As is his wont, Mr. Guare plays this dire situation for belly laughs, mixing in such unlikely supporting characters as a trio of ditsy nuns (Viki Boyle,Michelle Damato and Jason Parrish). But you are never allowed to lose sight for long of the dark desperation of Artie and Bananas, and when things go definitively sour, first with a bang and then a whimper, the laughter gives way to gasps—and tears. Imagine, if you can, an episode of “The Honeymooners” rewritten by Eugène Ionesco: That’s “The House of Blue Leaves.”

Mr.
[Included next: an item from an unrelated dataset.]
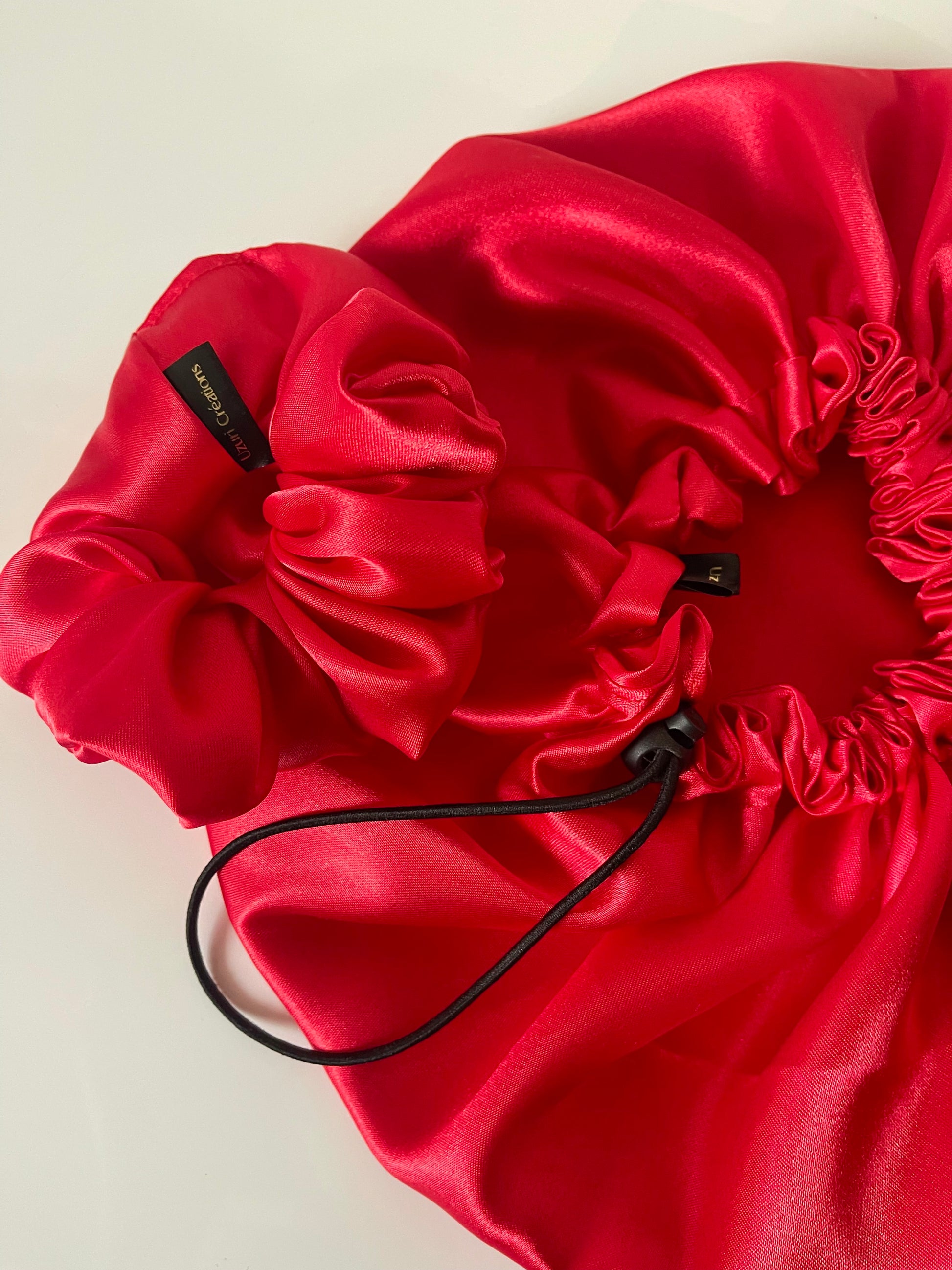 Découvrez le duo indispensable pour des cheveux parfaitement protégés, jour et nuit : le bonnet en satin et son chouchou assorti.

Clavelli and seven of the 11 members of his cast are longtime members of Florida Rep’s regular core ensemble. They’ve worked together repeatedly, and it shows: This is the kind of production whose uncanny stylistic unanimity helps to weld together the play’s seemingly disparate parts. To single out any one of the actors for particular praise would do the others an injustice, for they are all marvelous. Their performances are at once deliberately, anti-naturalistically broad—that, too, is Mr. Guare’s way—and as true to felt life as Ray Recht’s set, a pitifully shabby apartment that looks as though it hasn’t seen the wet end of a mop for at least a decade.

The best American regional theater is as good as it gets, Broadway not excluded. But if I had to pick one show from the past few seasons to epitomize its excellence, it might well be Florida Rep’s “House of Blue Leaves.” It’s one of the finest stagings of a John Guare play that I’ve ever seen, anywhere.